→ What is required
Your copy of the entries below should hold exactly the lines from the one containing "Soak in breathtaking" to the one containing "在干部任前谈话会上的讲话 2024-12-09 Word模板", inclusive, and no pictures.

→ Data extracts
____________

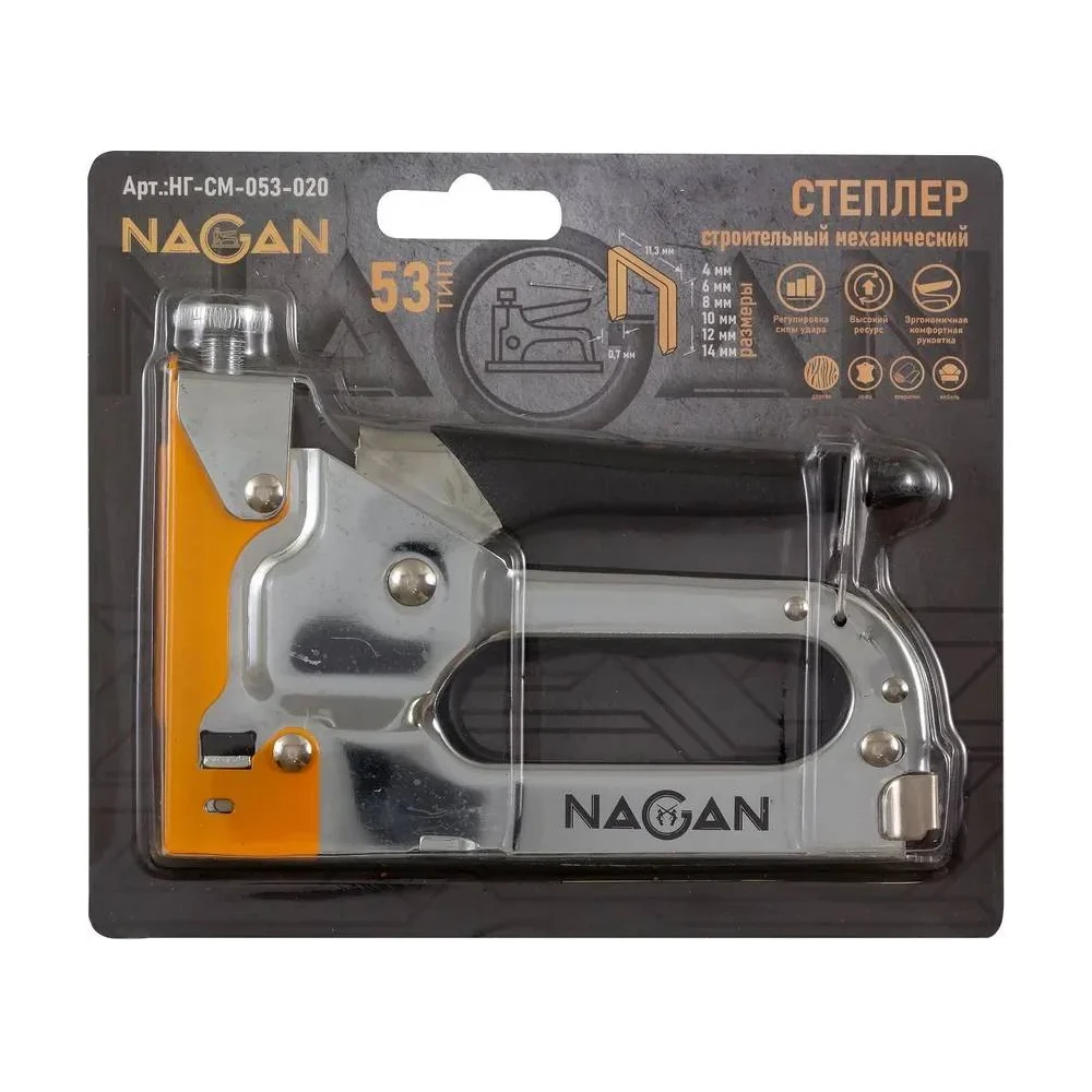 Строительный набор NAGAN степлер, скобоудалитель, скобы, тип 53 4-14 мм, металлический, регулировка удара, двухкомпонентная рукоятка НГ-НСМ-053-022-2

____________

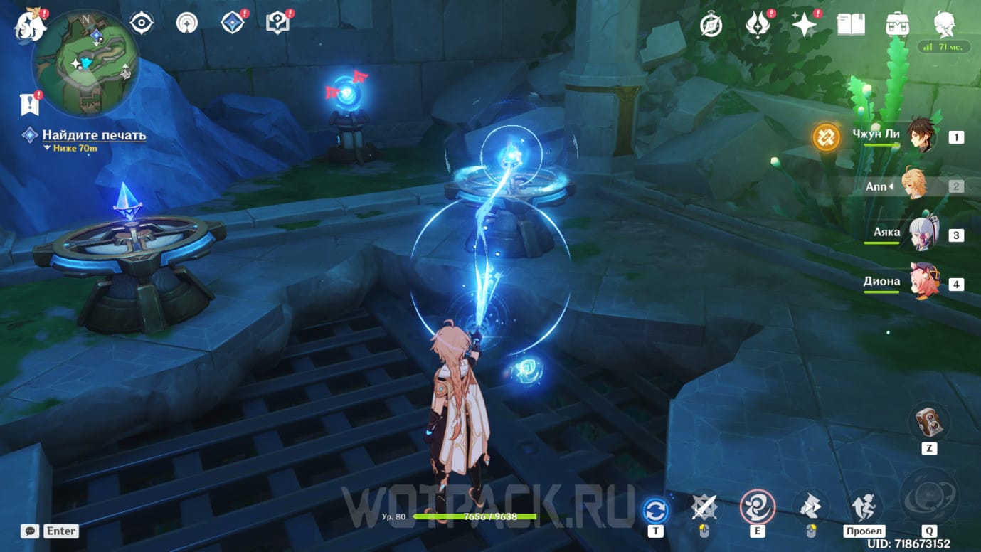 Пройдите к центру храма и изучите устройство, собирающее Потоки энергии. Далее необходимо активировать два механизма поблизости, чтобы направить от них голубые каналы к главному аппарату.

____________

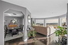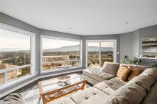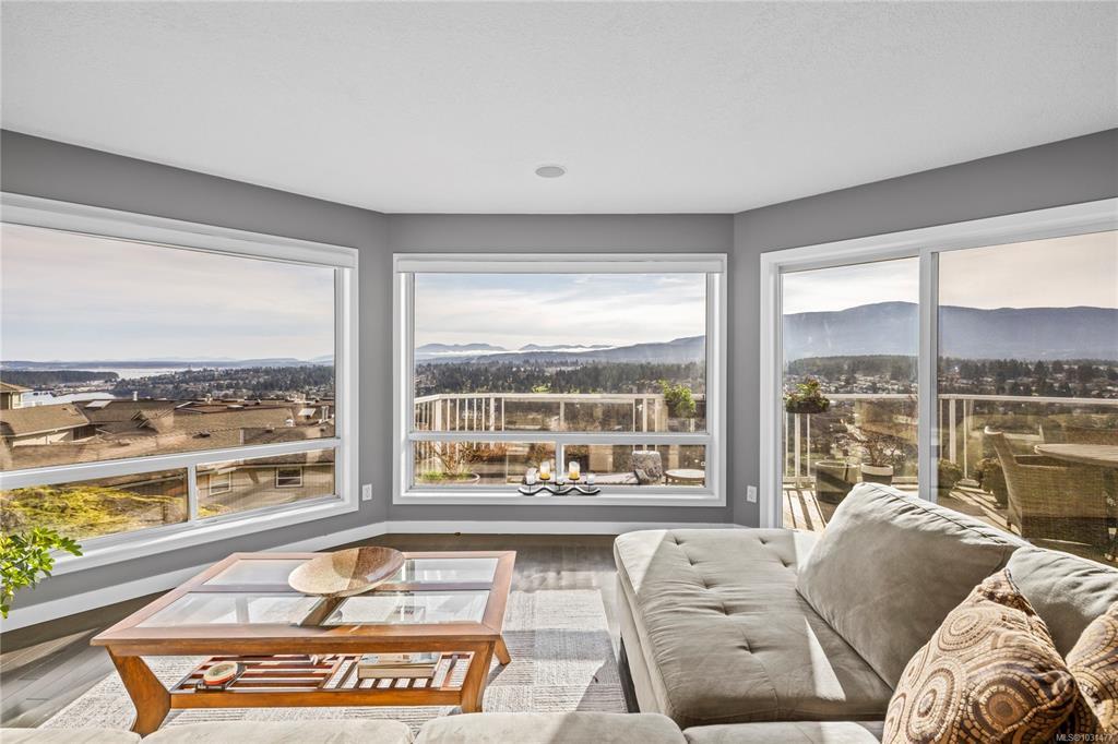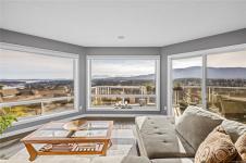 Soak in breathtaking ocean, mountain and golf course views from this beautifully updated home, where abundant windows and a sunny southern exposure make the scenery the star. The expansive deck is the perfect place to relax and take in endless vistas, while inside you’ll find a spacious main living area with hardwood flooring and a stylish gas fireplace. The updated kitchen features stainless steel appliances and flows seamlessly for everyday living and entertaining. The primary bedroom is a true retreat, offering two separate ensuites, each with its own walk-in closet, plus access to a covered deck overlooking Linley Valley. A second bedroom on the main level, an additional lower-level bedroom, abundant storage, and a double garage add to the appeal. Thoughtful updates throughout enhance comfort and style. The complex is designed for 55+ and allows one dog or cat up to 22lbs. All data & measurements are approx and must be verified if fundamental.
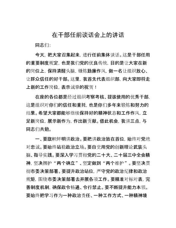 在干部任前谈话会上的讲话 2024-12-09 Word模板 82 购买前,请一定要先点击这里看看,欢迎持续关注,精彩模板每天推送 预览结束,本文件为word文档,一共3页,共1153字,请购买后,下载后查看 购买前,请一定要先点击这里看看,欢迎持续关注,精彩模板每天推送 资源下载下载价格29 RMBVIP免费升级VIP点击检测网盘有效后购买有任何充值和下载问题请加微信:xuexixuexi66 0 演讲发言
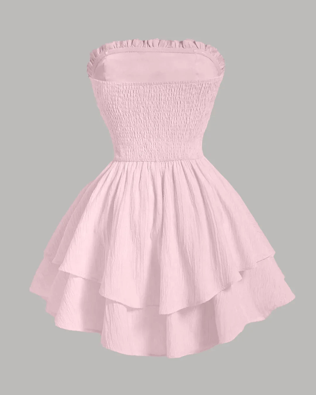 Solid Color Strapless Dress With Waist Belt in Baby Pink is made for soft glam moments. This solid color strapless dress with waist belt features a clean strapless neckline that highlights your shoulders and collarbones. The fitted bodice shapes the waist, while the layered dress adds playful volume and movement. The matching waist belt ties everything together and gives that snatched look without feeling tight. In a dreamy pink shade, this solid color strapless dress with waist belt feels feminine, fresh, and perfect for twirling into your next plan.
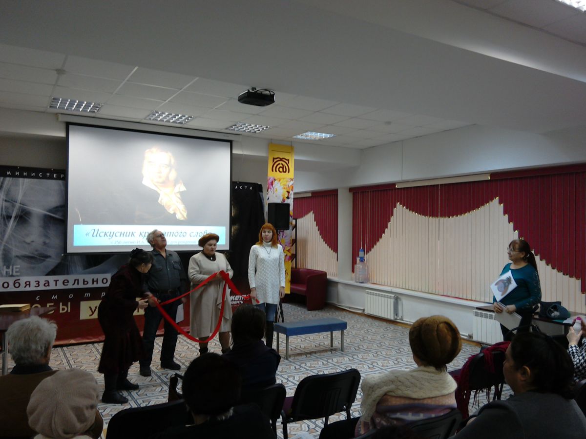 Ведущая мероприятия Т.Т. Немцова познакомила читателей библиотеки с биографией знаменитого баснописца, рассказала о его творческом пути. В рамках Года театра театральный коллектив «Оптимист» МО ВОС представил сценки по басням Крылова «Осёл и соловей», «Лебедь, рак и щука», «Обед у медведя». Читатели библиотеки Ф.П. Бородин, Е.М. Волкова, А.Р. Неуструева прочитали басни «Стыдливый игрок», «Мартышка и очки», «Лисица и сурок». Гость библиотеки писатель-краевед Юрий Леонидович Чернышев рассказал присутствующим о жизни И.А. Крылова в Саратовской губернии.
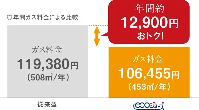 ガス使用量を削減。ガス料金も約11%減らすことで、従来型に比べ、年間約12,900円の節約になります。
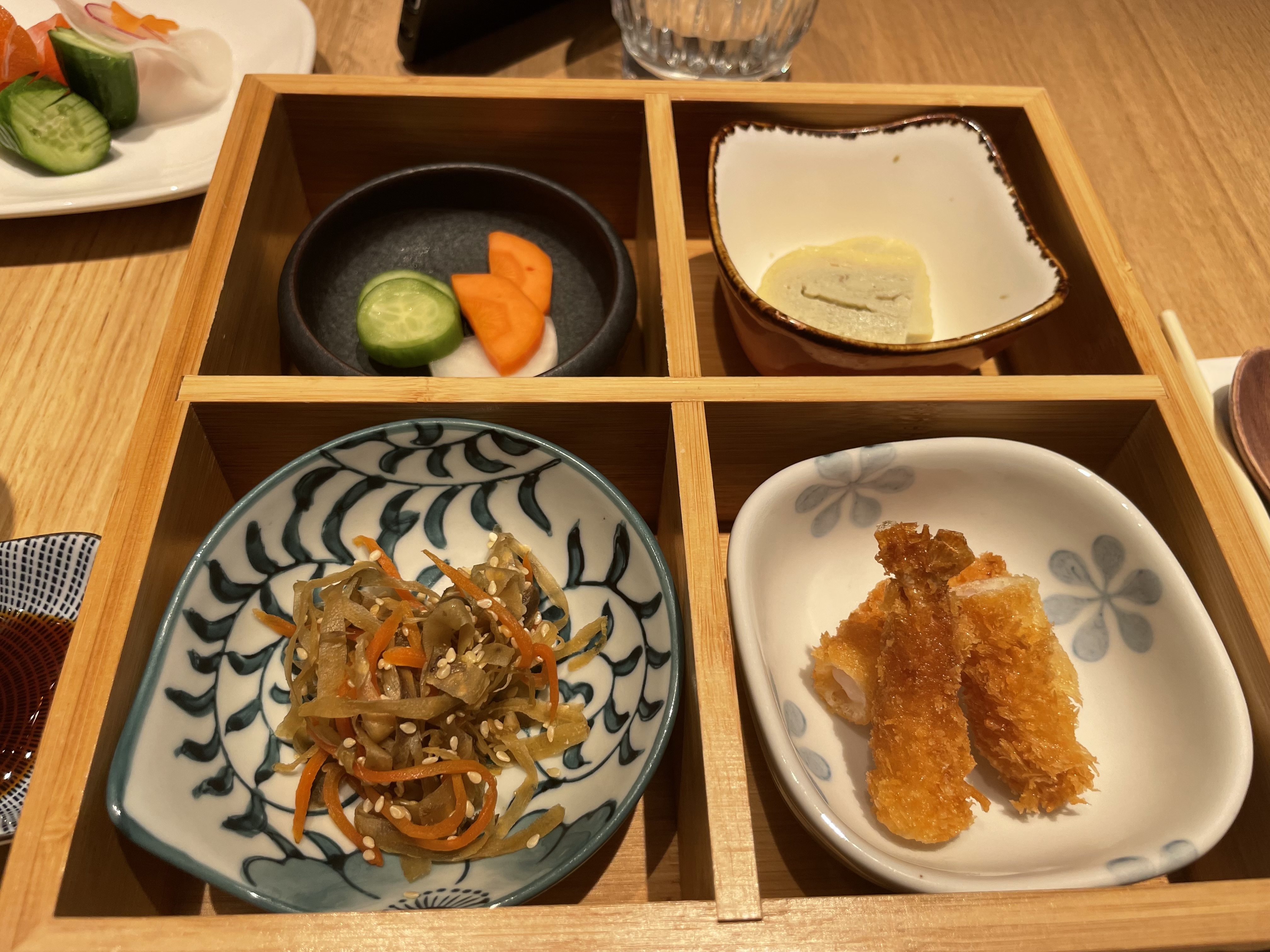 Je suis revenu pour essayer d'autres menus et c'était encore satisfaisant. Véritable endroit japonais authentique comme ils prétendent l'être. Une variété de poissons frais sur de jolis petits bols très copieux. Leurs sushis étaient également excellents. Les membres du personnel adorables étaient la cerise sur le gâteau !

____________

→ Answer for this exercise
 Soak in breathtaking ocean, mountain and golf course views from this beautifully updated home, where abundant windows and a sunny southern exposure make the scenery the star. The expansive deck is the perfect place to relax and take in endless vistas, while inside you’ll find a spacious main living area with hardwood flooring and a stylish gas fireplace. The updated kitchen features stainless steel appliances and flows seamlessly for everyday living and entertaining. The primary bedroom is a true retreat, offering two separate ensuites, each with its own walk-in closet, plus access to a covered deck overlooking Linley Valley. A second bedroom on the main level, an additional lower-level bedroom, abundant storage, and a double garage add to the appeal. Thoughtful updates throughout enhance comfort and style. The complex is designed for 55+ and allows one dog or cat up to 22lbs. All data & measurements are approx and must be verified if fundamental.
 在干部任前谈话会上的讲话 2024-12-09 Word模板 82 购买前,请一定要先点击这里看看,欢迎持续关注,精彩模板每天推送 预览结束,本文件为word文档,一共3页,共1153字,请购买后,下载后查看 购买前,请一定要先点击这里看看,欢迎持续关注,精彩模板每天推送 资源下载下载价格29 RMBVIP免费升级VIP点击检测网盘有效后购买有任何充值和下载问题请加微信:xuexixuexi66 0 演讲发言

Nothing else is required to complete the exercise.